Phase 4: Wire Into Clawdbot Runtime
Time: 30-60 minutes Risk: Medium (changes bot behavior)
This requires modifying Clawdbot's code to use the new memory system.
4.1 Create Memory Interface Module
Location: ~/.clawdbot/workspace/memory_interface.py
"""
Memory interface for Clawdbot runtime.
Import this in your bot's message handler.
"""
from memory_retrieval import (
search_memories,
add_memory,
get_recent_memories,
supersede_memory
)
def get_context_for_message(message, guild_id, channel_id, user_id):
"""
Get relevant memory context for responding to a message.
Call this before generating a response.
"""
# Search for relevant memories
results = search_memories(
query=message,
guild_id=guild_id,
limit=5
)
if not results:
# Fall back to recent memories for this guild
results = get_recent_memories(guild_id=guild_id, limit=3)
# Format for context injection
context_lines = []
for r in results:
context_lines.append(f"[Memory] {r['content']}")
return "\n".join(context_lines)
def should_remember(response_text):
"""
Check if the bot's response indicates something should be remembered.
"""
triggers = [
"i'll remember",
"i've noted",
"got it",
"noted",
"understood",
]
lower = response_text.lower()
return any(t in lower for t in triggers)
def extract_and_store(message, response, guild_id, channel_id, user_id):
"""
If the response indicates learning, extract and store the memory.
"""
if not should_remember(response):
return None
# The message itself is what should be remembered
memory_id = add_memory(
content=message,
memory_type="fact",
guild_id=guild_id,
channel_id=channel_id,
user_id=user_id,
source="conversation"
)
return memory_id
4.2 Integration Points
In Clawdbot's message handler:
# Before generating response:
memory_context = get_context_for_message(
message=user_message,
guild_id=str(message.guild.id) if message.guild else None,
channel_id=str(message.channel.id),
user_id=str(message.author.id)
)
# Inject into prompt:
system_prompt = f"""
{base_system_prompt}
Relevant memories:
{memory_context}
"""
# After generating response:
extract_and_store(
message=user_message,
response=bot_response,
guild_id=...,
channel_id=...,
user_id=...
)
Phase 5: Deprecate Old System
Time: 5 minutes Risk: Low (keep files, just stop using)
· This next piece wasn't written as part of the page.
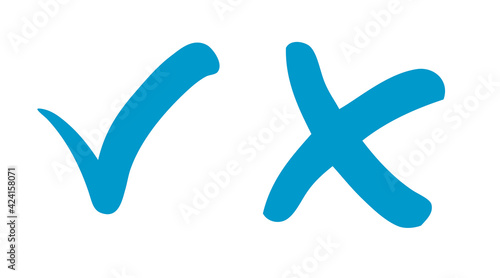 Häkchen und Kreuz Icons als Symbole für Wahl und Urteil
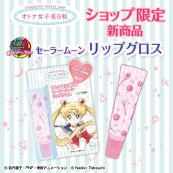 - Блеск для губ с травяным запахом . Масло шиповника и жожоба, основные компоненты блеска, увлажняют губы, делают их мягкими и блестящими. Благодаря бесцветности, его можно использовать в повседневной жизни. Упаковка – розового цвета с узором из символов планет и предметов СМ из первых 3 сезонов. Цена – 850 йен.

Once the new system is validated:
- Keep old files - Don't delete markdown files, they're human-readable backup
- Stop writing to old locations - New memories go to SQLite only
- Archive old chunks table - Rename to
chunks_archive
-- Archive old chunks table (don't delete)
ALTER TABLE chunks RENAME TO chunks_archive;
ALTER TABLE chunks_fts RENAME TO chunks_fts_archive;
DO NOT delete the old files until you've run the new system for at least 2 weeks without issues.
Validation Checkpoints
After Each Phase:
| Check | Command | Expected |
|---|---|---|
| Memory count | python memory-retrieval.py stats |
Count increases |
| Search works | python memory-retrieval.py search "Das" |
Returns results |
| Guild scoping | python memory-retrieval.py search "remix" --guild 1449158500344270961 |
Only The Hive results |
| FTS works | sqlite3 ~/.clawdbot/memory/main.sqlite "SELECT COUNT(*) FROM memories_fts" |
Matches memories count |
Integration Test (After Phase 4):
- Send message to Clawdbot: "What do you know about Das?"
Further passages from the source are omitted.